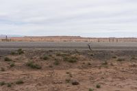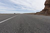 A low angle view of a straight road cutting through the stunning red rock landscape of Utah's Canyonlands in the San Rafael Swell. The grey sky and clouds add a dramatic touch to the nature scenery on a bright sunny day.
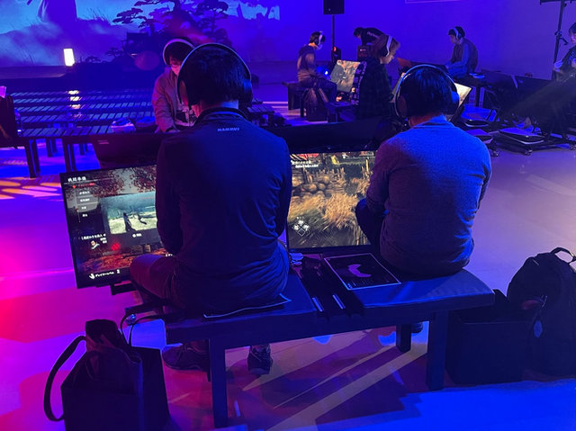 会場内はライトアップされており、本作の雰囲気につつまれながらユーザーがゲームを先行プレイしていました。会場内の椅子は縁台になっており、細かなところまで彩られています。
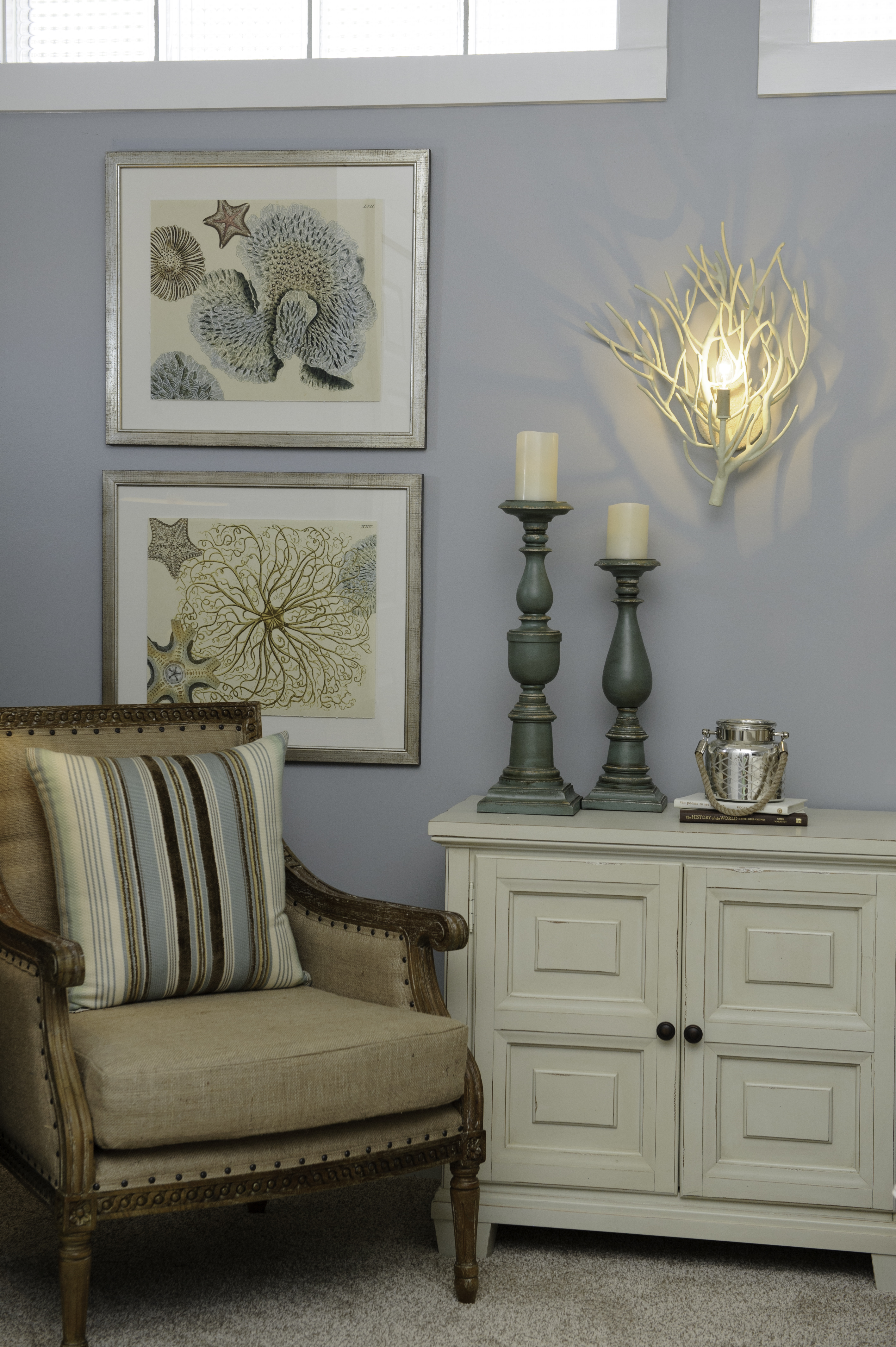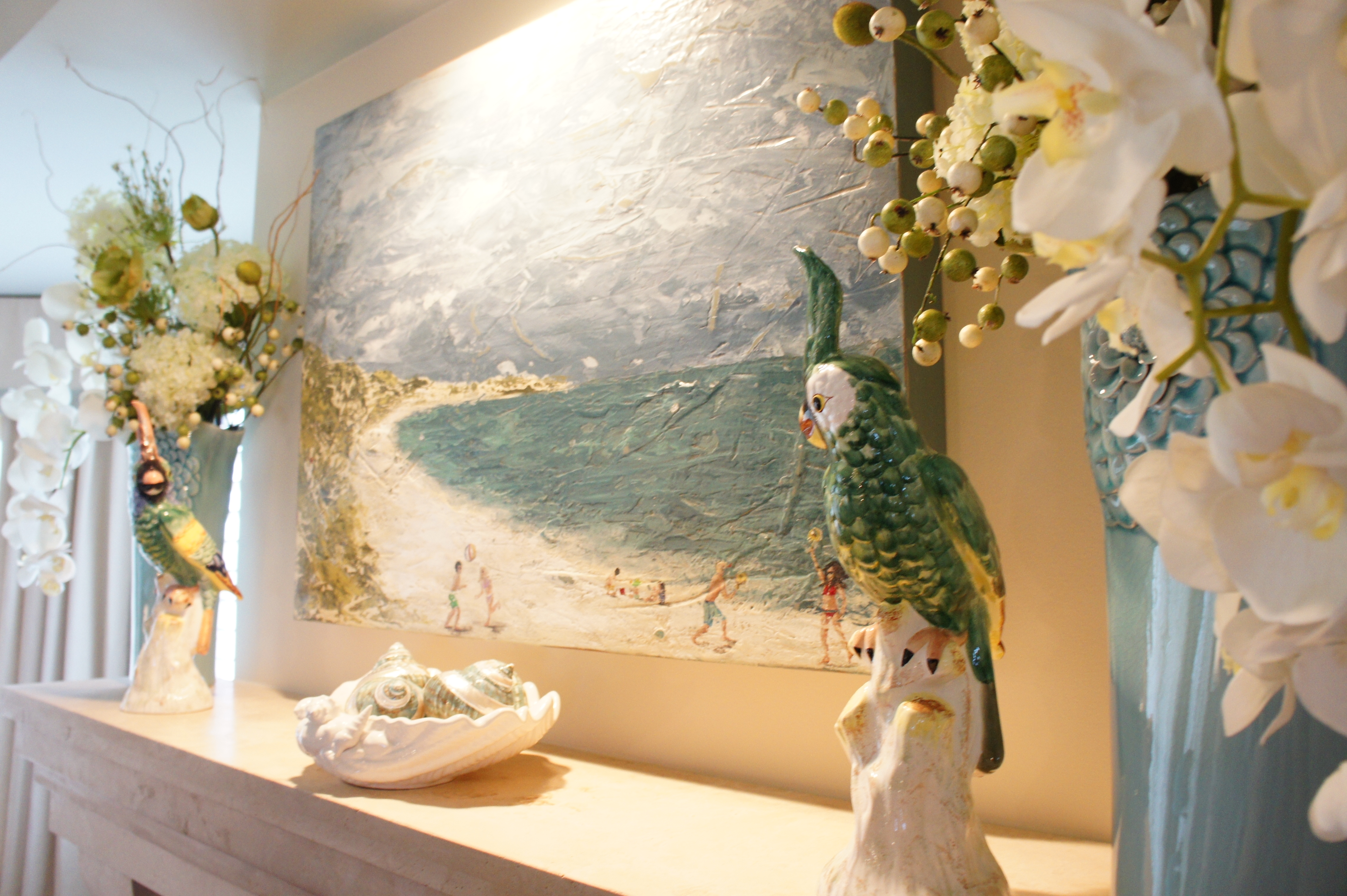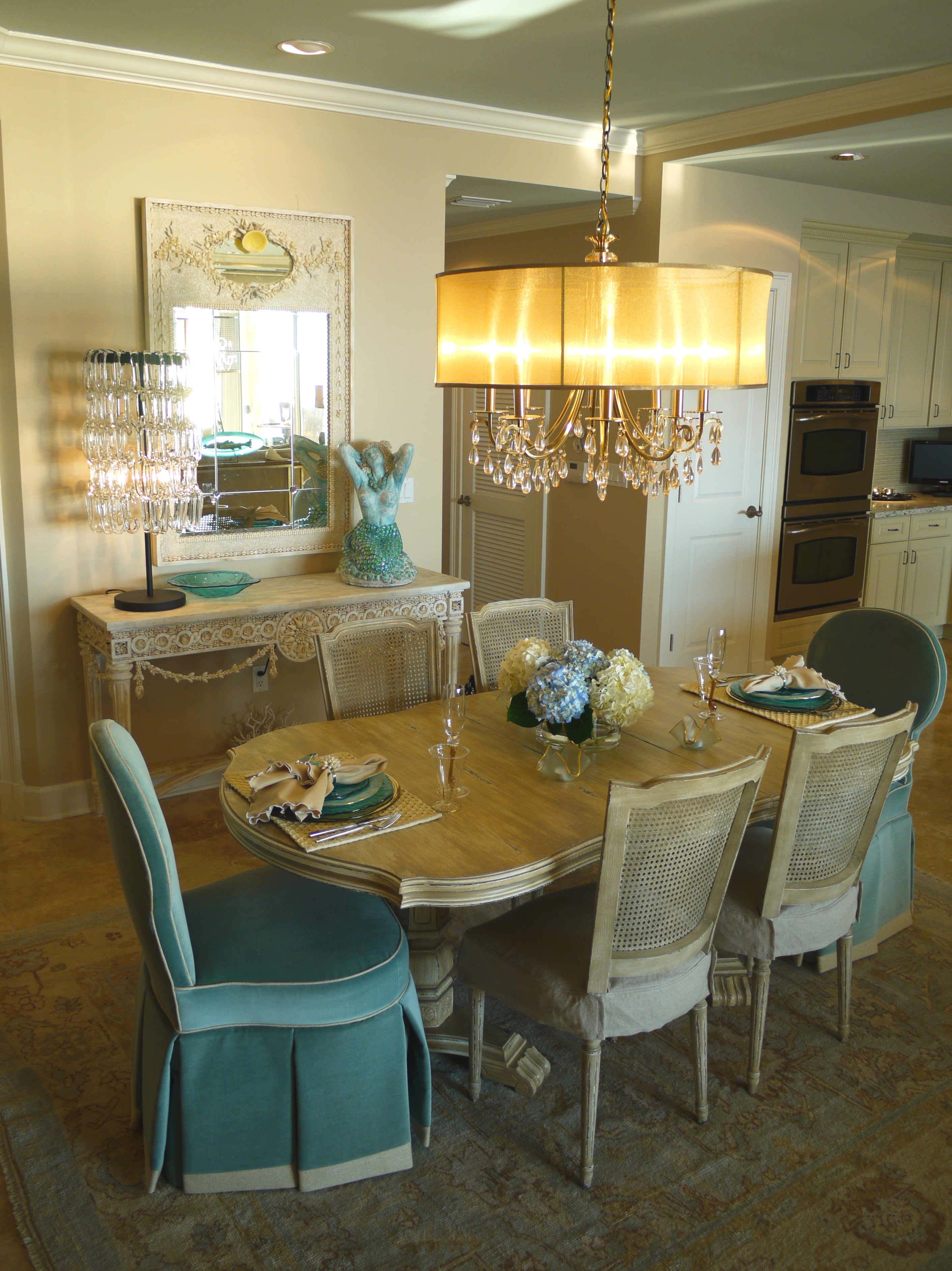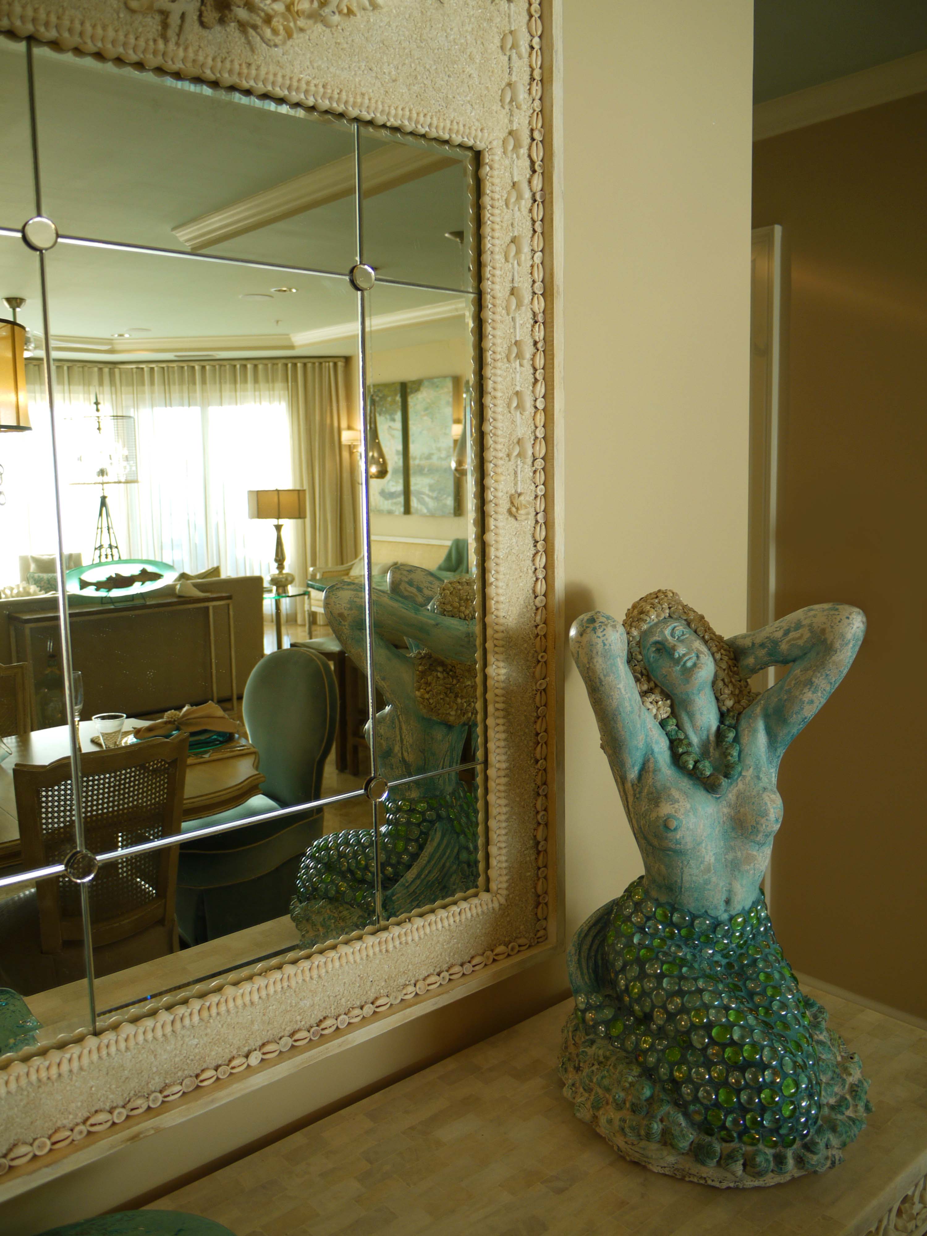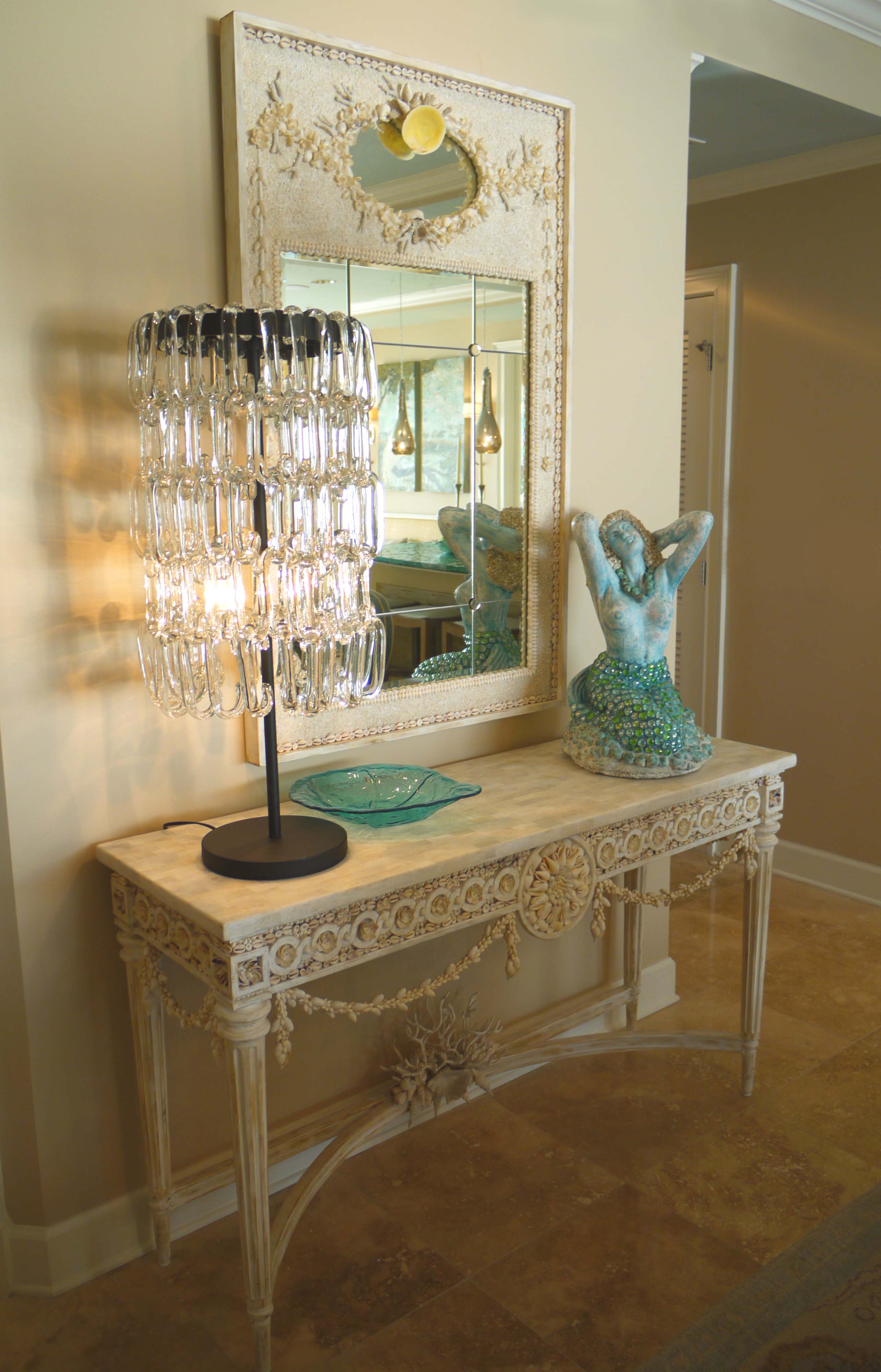 The Currey & Company dining sideboard is heavily adorned in shells and coral, and topped with white marble. Above it is the matching wood and shell trumeau mirror. These two pieces were the epitome of “crusty-chic” with its distressed finishes and bleached shells, arranged into a classic and timeless form. I accessorized with this fabulous lamp with draped glass by Global Views. Opposite is a mermaid sculpture with shell and iridescent glass accents.

**Task objective**
Please set down each line of the listing above word for word, skipping any pictures.

**Your response**
 A low angle view of a straight road cutting through the stunning red rock landscape of Utah's Canyonlands in the San Rafael Swell. The grey sky and clouds add a dramatic touch to the nature scenery on a bright sunny day.
 会場内はライトアップされており、本作の雰囲気につつまれながらユーザーがゲームを先行プレイしていました。会場内の椅子は縁台になっており、細かなところまで彩られています。
 The Currey & Company dining sideboard is heavily adorned in shells and coral, and topped with white marble. Above it is the matching wood and shell trumeau mirror. These two pieces were the epitome of “crusty-chic” with its distressed finishes and bleached shells, arranged into a classic and timeless form. I accessorized with this fabulous lamp with draped glass by Global Views. Opposite is a mermaid sculpture with shell and iridescent glass accents.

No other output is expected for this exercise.